** WORK TO COMPLETE **
Your answer must be an exact copy of the records below, minus the pictures.
***** DATA SHOWN
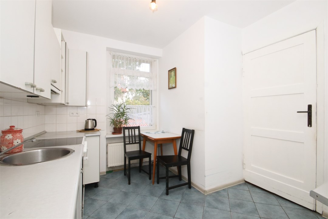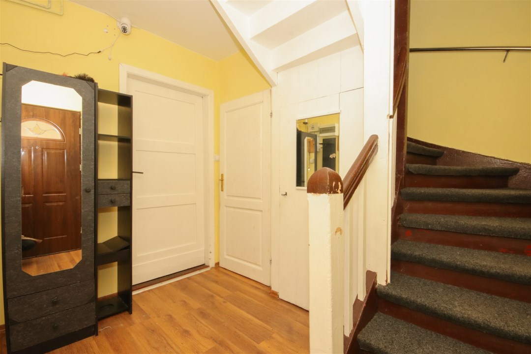 Pierwsze piętro to trzy ustawne pokoje, dwie łazienki oraz dodatkowa kuchnia, co daje szerokie możliwości aranżacyjne. Budynek posiada również strych, jako dodatkowe miejsce do przechowywania.
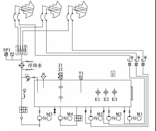 立磨潤滑系統原理如圖2所示,磨輥潤滑系統工作原理為:潤滑系統工作時,油液經供油泵從油箱抽出,經過濾器、冷卻器、分流器等進入磨輥內部,經循環潤滑換熱后,由回油泵從磨內強制抽出,送回油箱,潤滑系統通過循環往復實現磨輥的潤滑功能。單個磨輥供油泵分配流量為13 L/min,單輥配置一個能力為20 L/min的回油泵強制回油。
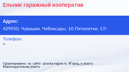Ельник, гаражный кооператив по адресу 429950, Чувашия, Чебоксары, 10 Пятилетки, 17г в дальнейшем Организация, размещена в следующих категориях:
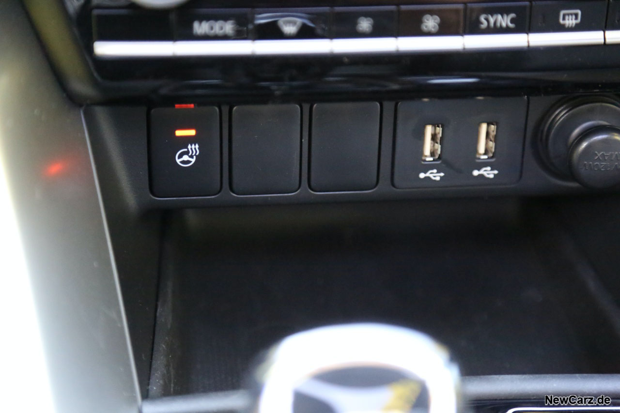 Die Lenkradheizung erwärmt nur links und rechts die Griffzonen, die Ober- und Unterseite des Lenkradkranzes bleibt dagegen kalt. Dafür überzeugen die Sitzheizungen mit Homogenität und schneller Wärmeentwicklung. Das gilt auch für die beiden Sitzheizungen im Fond.
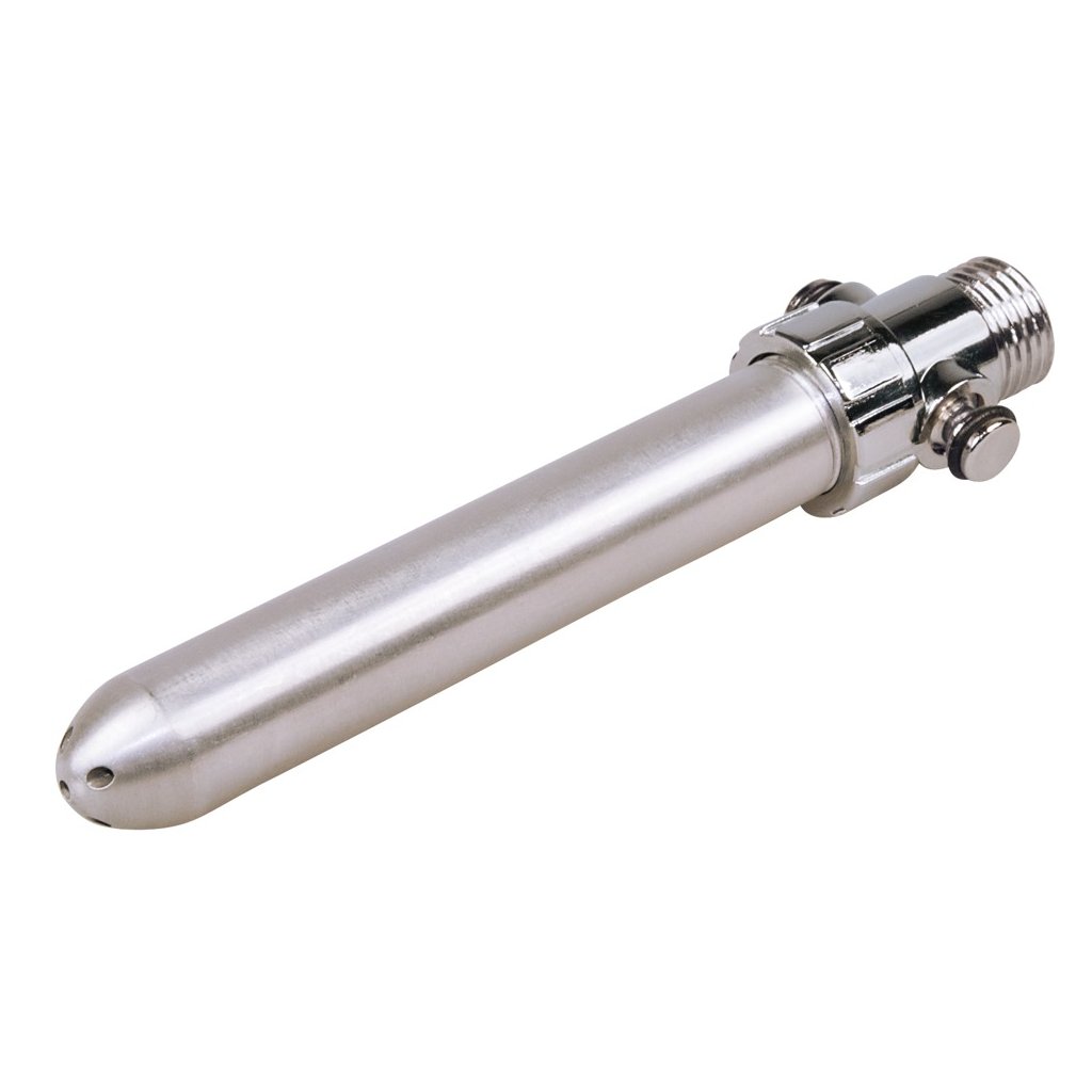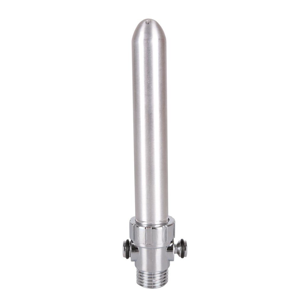Stříbrná anální sprcha s 5 rozstřikovacími otvory v horní části a standardní závitová hlavicí s uzavíracím ventilem, která zajistí vypnutí a opětovné zapnutí vody bez změny teploty a tlaku vody. Navíc není nasáván žádný vzduch.
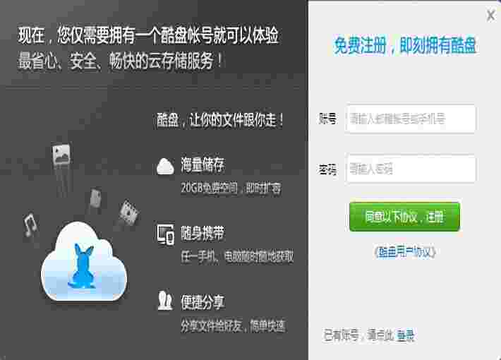 酷盘注册后提供5GB容量,用户可邀请好友注册酷盘,最多将获得15G空间。酷盘不限单个文件大小,可在线上传下载文件,使用客户端随时随地同步文件,多重加密、多重备份、不同终端相互分享。
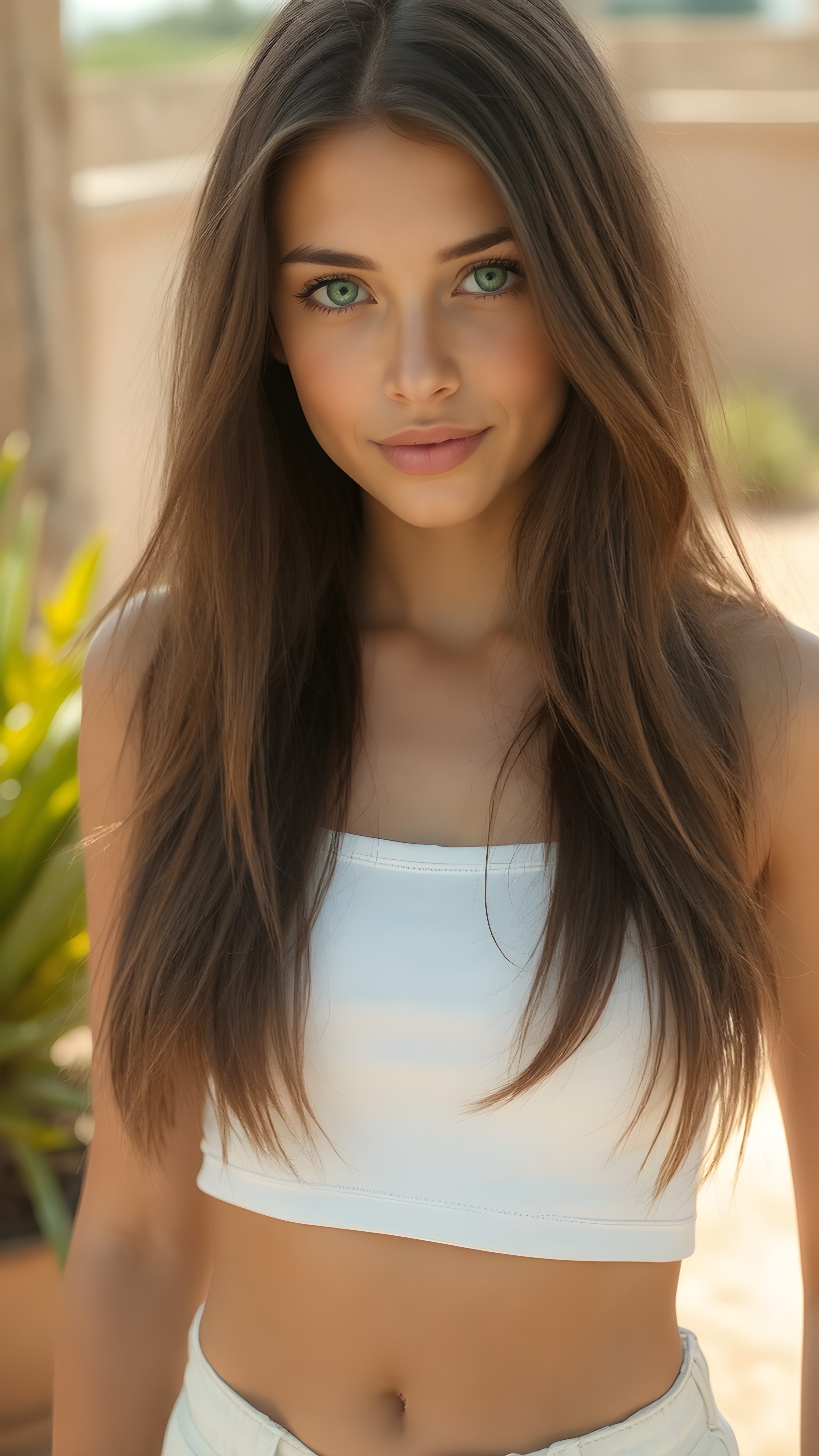 a (((super realistic full body photo))) featuring a (((beautifully stunning and gorgeous young teen girl))) with luxurious ((long, straight jet hair)) and ((bright green eyes)), dressed in a (((super short, tight white crop top tank top))), show her belly button, against a sunny backdrop
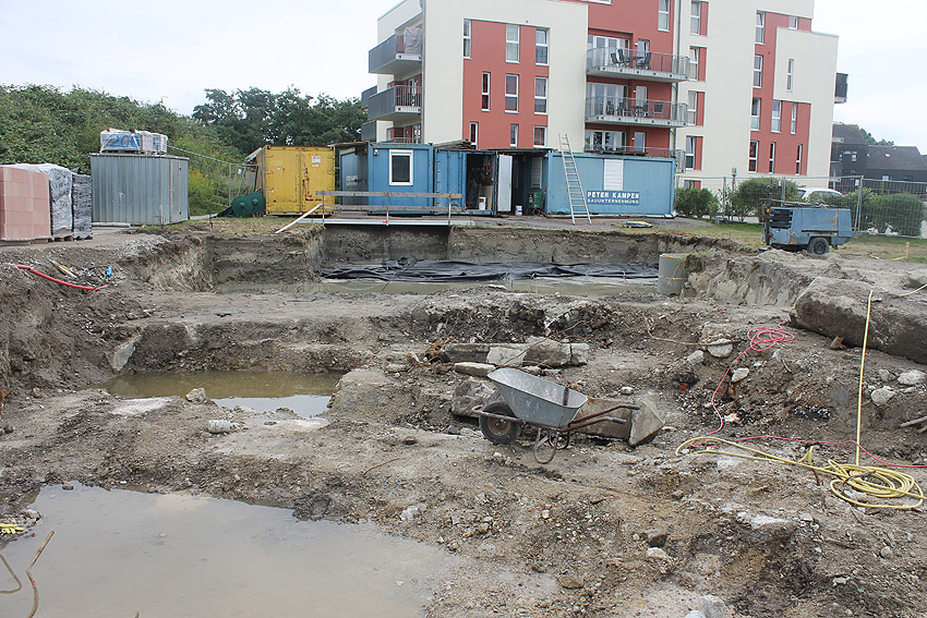 Die Betonstrukturen im Baustellenbereich sind größtenteils beseitigt worden. Weitere Strukturen als die ersichtlichen sind nicht mehr ans Tageslicht getreten. Nun erfolgt die Tiefgründung des Neubaues.
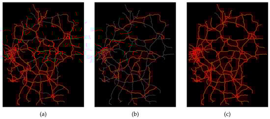Different stages of network coverage after Steps 2 (a), 4 (b) and 5 (c). The rightmost image depicts the final network coverage. Road sections highlighted in red are traversed by at least one route request.
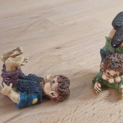 Jag tror att de en gång i tiden har varit julgransprydnader (?) då det finns tecken efter någon typ av snöre i deras huvuden.
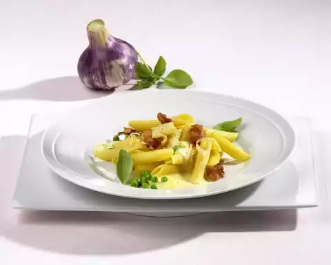 Cook the pasta in plenty of boiling salted water for about 15 minutes. In the meantime peel onion and cut into fine strips. Peel garlic and chop finely. Fry bacon in a pan without fat until crispy.
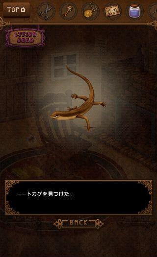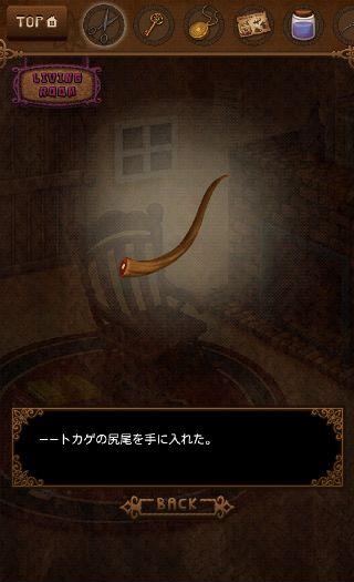 床から「トカゲ」を入手して、「ハサミ」を使って「トカゲの尻尾」を入手。
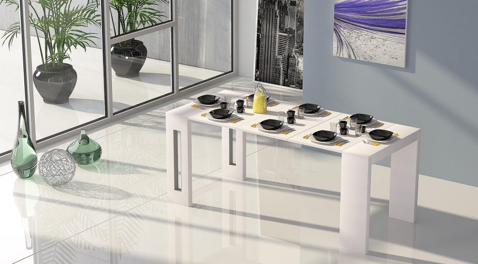 Da consolle a tavolo in tre semplici mosse, Steven è una consolle salvaspazio trasformabile in tavolo per 8 persone. Una soluzione pratica ed elegante adatta ad ogni ambiente, anche quello più piccolo.
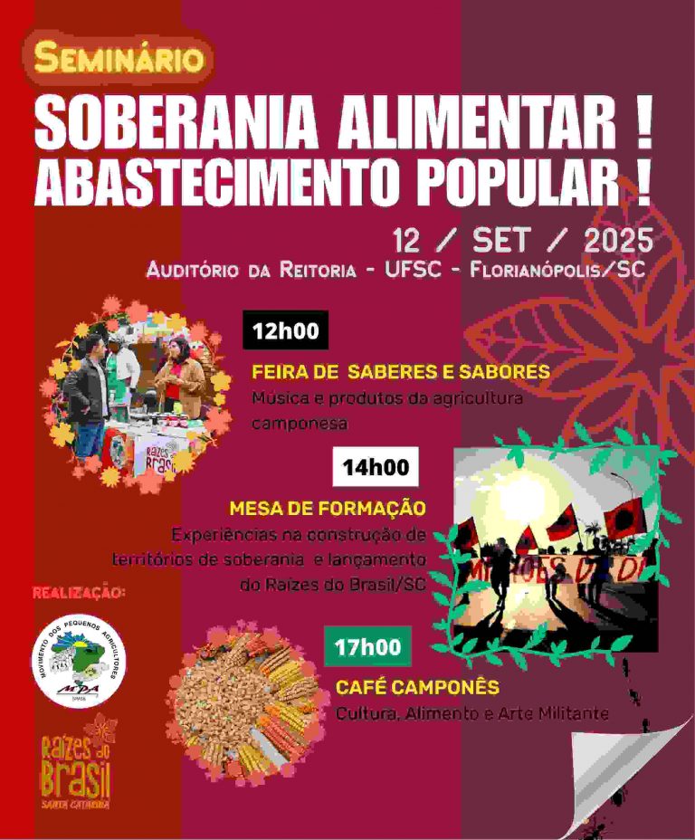 A Universidade Federal de Santa Catarina (UFSC) sediou a abertura do Seminário Soberania Alimentar e Abastecimento Popular nesta sexta-feira, dia 12 de setembro de 2025, no Auditório da Reitoria. A iniciativa do Movimento dos Pequenos Agricultores (MPA) e do Coletivo Raízes do Brasil de Santa Catarina reuniu agricultores, pesquisadores, estudantes e representantes de movimentos sociais para debater alternativas de produção e distribuição de alimentos em tempos de crise climática e insegurança alimentar. Segundo a organização, a proposta do seminário é reforçar que “comer é um ato político” e que a agricultura camponesa é um caminho fundamental diante desses desafios.
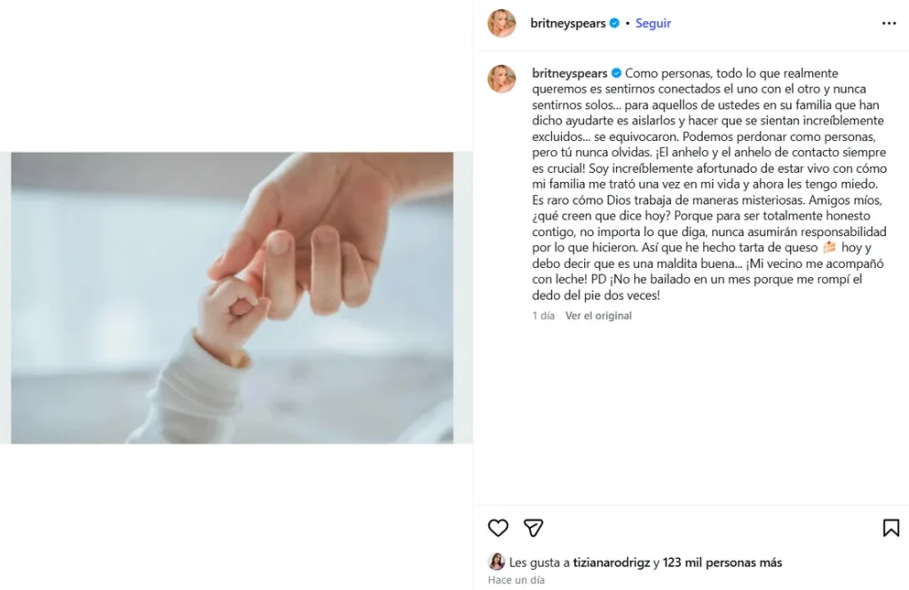 Britney Spears volvió a generar repercusión en redes sociales tras publicar un mensaje en su cuenta de Instagram en el que reflexiona sobre su relación con su familia, el aislamiento que atravesó durante años y el impacto emocional que, según sus palabras, aún persiste en su vida.
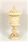 VASO A CALICE IN ALABASTRO - ALABASTER CALYX VASE XIX secolo - 19th Century corpo con teste leonine e festoni, collo e coperchio traforati, sostegno con foglie d'acanto su base circolare, montato a lume h cm 67
**********
** ANSWER TO THE PROBLEM **
 Pierwsze piętro to trzy ustawne pokoje, dwie łazienki oraz dodatkowa kuchnia, co daje szerokie możliwości aranżacyjne. Budynek posiada również strych, jako dodatkowe miejsce do przechowywania.
 立磨潤滑系統原理如圖2所示,磨輥潤滑系統工作原理為:潤滑系統工作時,油液經供油泵從油箱抽出,經過濾器、冷卻器、分流器等進入磨輥內部,經循環潤滑換熱后,由回油泵從磨內強制抽出,送回油箱,潤滑系統通過循環往復實現磨輥的潤滑功能。單個磨輥供油泵分配流量為13 L/min,單輥配置一個能力為20 L/min的回油泵強制回油。
Ельник, гаражный кооператив по адресу 429950, Чувашия, Чебоксары, 10 Пятилетки, 17г в дальнейшем Организация, размещена в следующих категориях:
 Die Lenkradheizung erwärmt nur links und rechts die Griffzonen, die Ober- und Unterseite des Lenkradkranzes bleibt dagegen kalt. Dafür überzeugen die Sitzheizungen mit Homogenität und schneller Wärmeentwicklung. Das gilt auch für die beiden Sitzheizungen im Fond.
Stříbrná anální sprcha s 5 rozstřikovacími otvory v horní části a standardní závitová hlavicí s uzavíracím ventilem, která zajistí vypnutí a opětovné zapnutí vody bez změny teploty a tlaku vody. Navíc není nasáván žádný vzduch.
 酷盘注册后提供5GB容量,用户可邀请好友注册酷盘,最多将获得15G空间。酷盘不限单个文件大小,可在线上传下载文件,使用客户端随时随地同步文件,多重加密、多重备份、不同终端相互分享。
 a (((super realistic full body photo))) featuring a (((beautifully stunning and gorgeous young teen girl))) with luxurious ((long, straight jet hair)) and ((bright green eyes)), dressed in a (((super short, tight white crop top tank top))), show her belly button, against a sunny backdrop
 Die Betonstrukturen im Baustellenbereich sind größtenteils beseitigt worden. Weitere Strukturen als die ersichtlichen sind nicht mehr ans Tageslicht getreten. Nun erfolgt die Tiefgründung des Neubaues.
Different stages of network coverage after Steps 2 (a), 4 (b) and 5 (c). The rightmost image depicts the final network coverage. Road sections highlighted in red are traversed by at least one route request.
 Jag tror att de en gång i tiden har varit julgransprydnader (?) då det finns tecken efter någon typ av snöre i deras huvuden.
 Cook the pasta in plenty of boiling salted water for about 15 minutes. In the meantime peel onion and cut into fine strips. Peel garlic and chop finely. Fry bacon in a pan without fat until crispy.
 床から「トカゲ」を入手して、「ハサミ」を使って「トカゲの尻尾」を入手。
 Da consolle a tavolo in tre semplici mosse, Steven è una consolle salvaspazio trasformabile in tavolo per 8 persone. Una soluzione pratica ed elegante adatta ad ogni ambiente, anche quello più piccolo.
 A Universidade Federal de Santa Catarina (UFSC) sediou a abertura do Seminário Soberania Alimentar e Abastecimento Popular nesta sexta-feira, dia 12 de setembro de 2025, no Auditório da Reitoria. A iniciativa do Movimento dos Pequenos Agricultores (MPA) e do Coletivo Raízes do Brasil de Santa Catarina reuniu agricultores, pesquisadores, estudantes e representantes de movimentos sociais para debater alternativas de produção e distribuição de alimentos em tempos de crise climática e insegurança alimentar. Segundo a organização, a proposta do seminário é reforçar que “comer é um ato político” e que a agricultura camponesa é um caminho fundamental diante desses desafios.
 Britney Spears volvió a generar repercusión en redes sociales tras publicar un mensaje en su cuenta de Instagram en el que reflexiona sobre su relación con su familia, el aislamiento que atravesó durante años y el impacto emocional que, según sus palabras, aún persiste en su vida.
 VASO A CALICE IN ALABASTRO - ALABASTER CALYX VASE XIX secolo - 19th Century corpo con teste leonine e festoni, collo e coperchio traforati, sostegno con foglie d'acanto su base circolare, montato a lume h cm 67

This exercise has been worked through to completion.